Hi Pete, I actually bought the set just for the 4" rest. They were on sale for not much more than the 4" costs, so I bought them all. Hey, you know how us tool junkies are.


----------



## chippypah (Dec 24, 2007)

Hey George,
Tool junkies hahaha, oh yes there is always another tool. Here is a picture of only tool rests that I use anyway.
And a challenge for you Genmore and not forgetting Harry, how about turning a mushroom ? are you up for it as Glenmore and Harry are.
I am just about to post a photo shoot of turning them.
Cheers
Pete


----------



## curiousgeorge (Nov 6, 2006)

Thanks for the Pics, Pete.

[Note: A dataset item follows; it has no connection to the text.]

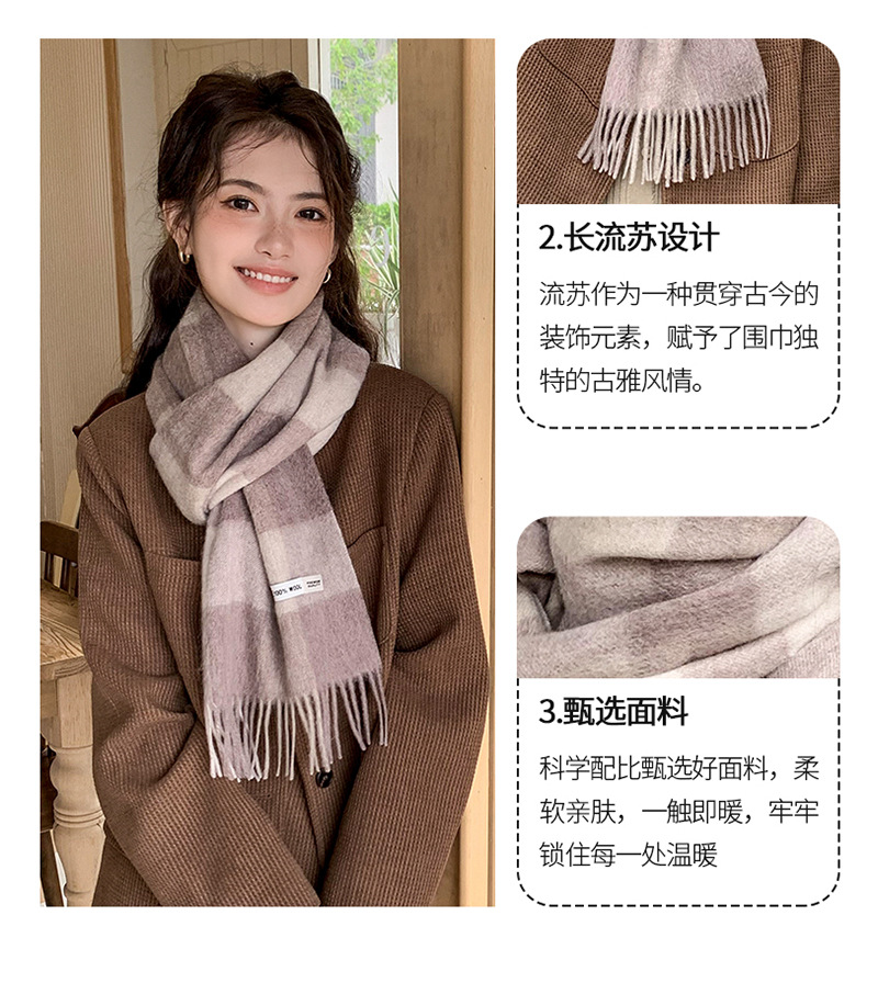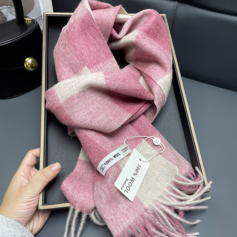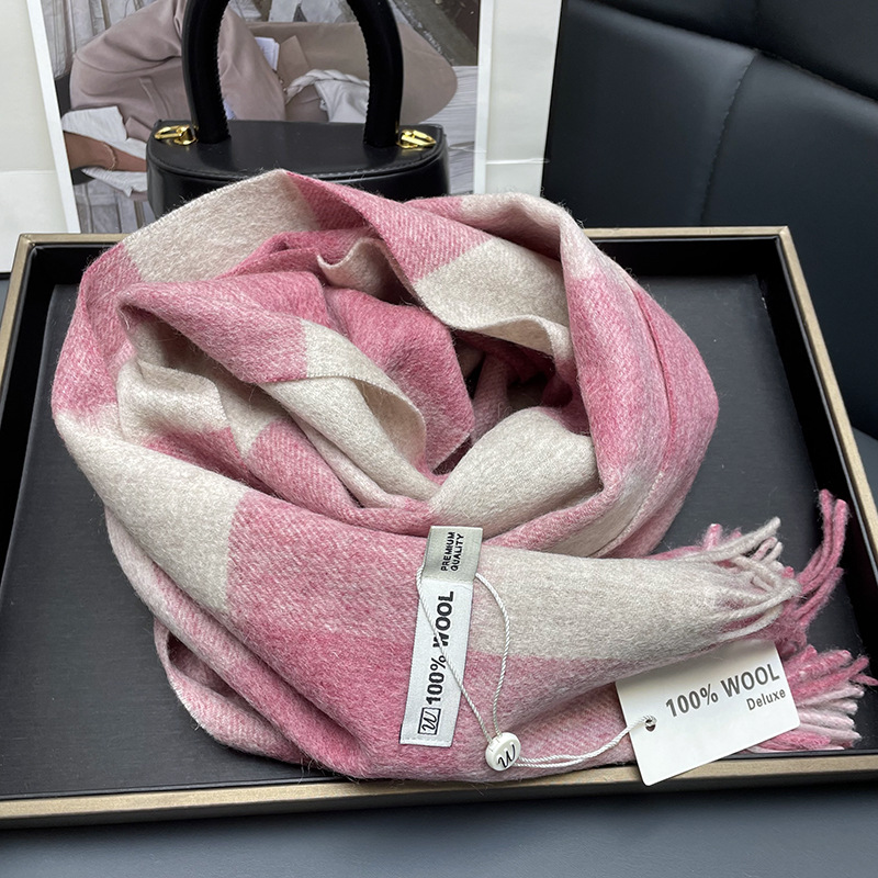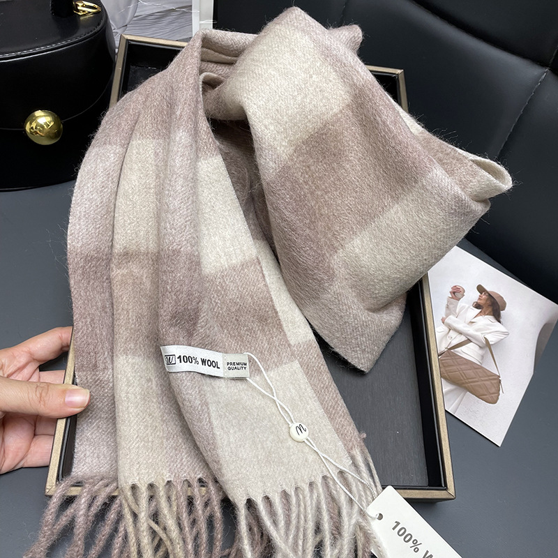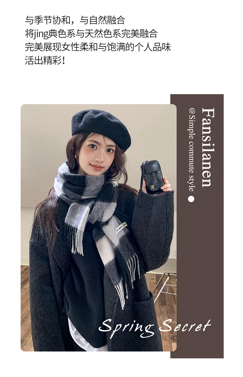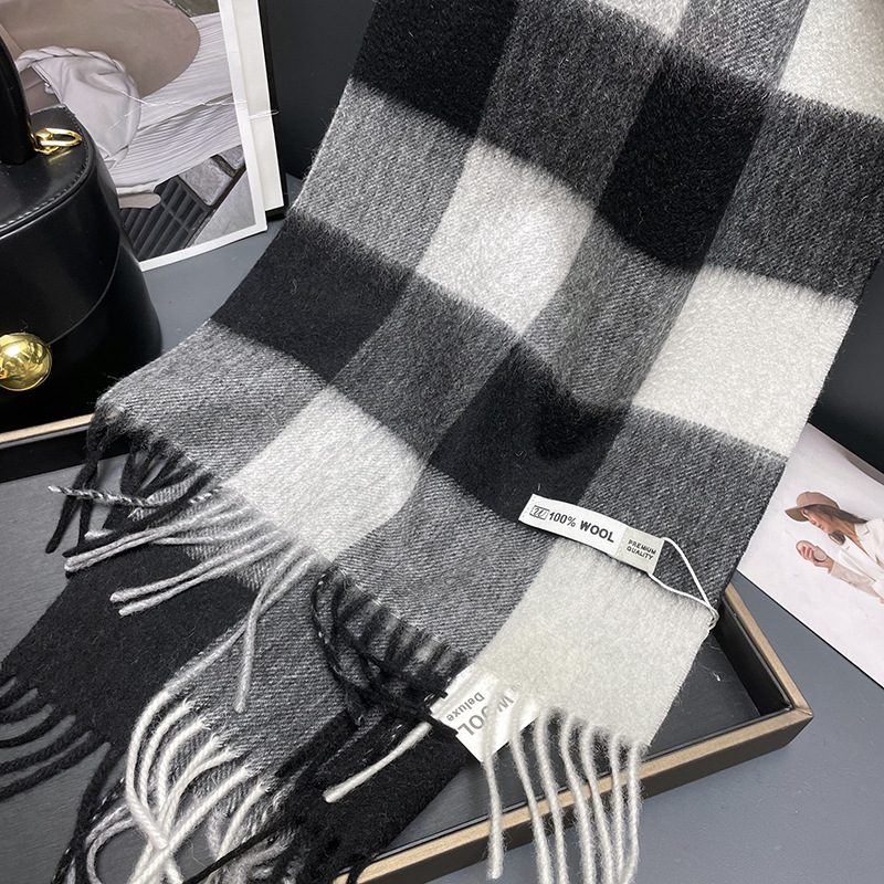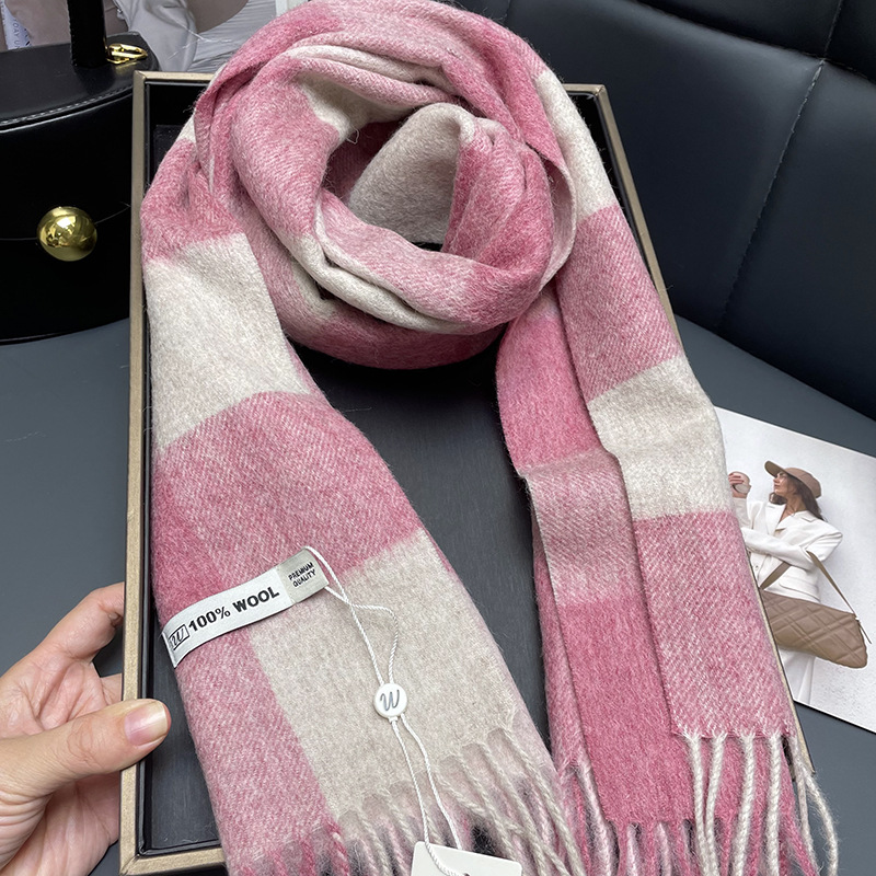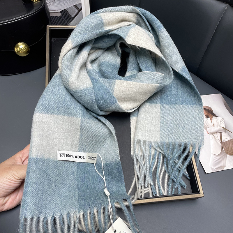 양모 스카프 여자 겨울 올매치 유행 웨스턴 스타일 하이 엔드 따뜻한 목 좁은 버전 긴 색상 일치 격자 무늬 목도리 여성을위한스토어 가기

I would post pics of the ones I got but, Shirley has gone, with her mother, on a mystery bus tour and took the camera. Maybe when she gets back today... That is if she didn't break it.


----------



## chippypah (Dec 24, 2007)

Now come on George what would Harry say hahaha.
Cheers 
Pete


----------



## Glenmore (Sep 10, 2004)

Still didn't ask what the prizes are yet


----------



## harrysin (Jan 15, 2007)

I don't know about a prize, but I have a feeling that if we don't give it a go, Pete won't speak to us anymore!


----------



## curiousgeorge (Nov 6, 2006)

The prize will be... PRIDE OF ACCOMPLISHMENT if we do and (see attachment) if we don't.


----------



## challagan (Feb 7, 2006)

Woah Harry, I missed this thread. You knocked one out of the park Harry! VEry nice job and congrats on the new chuck, lots you can do with that! 

Corey


----------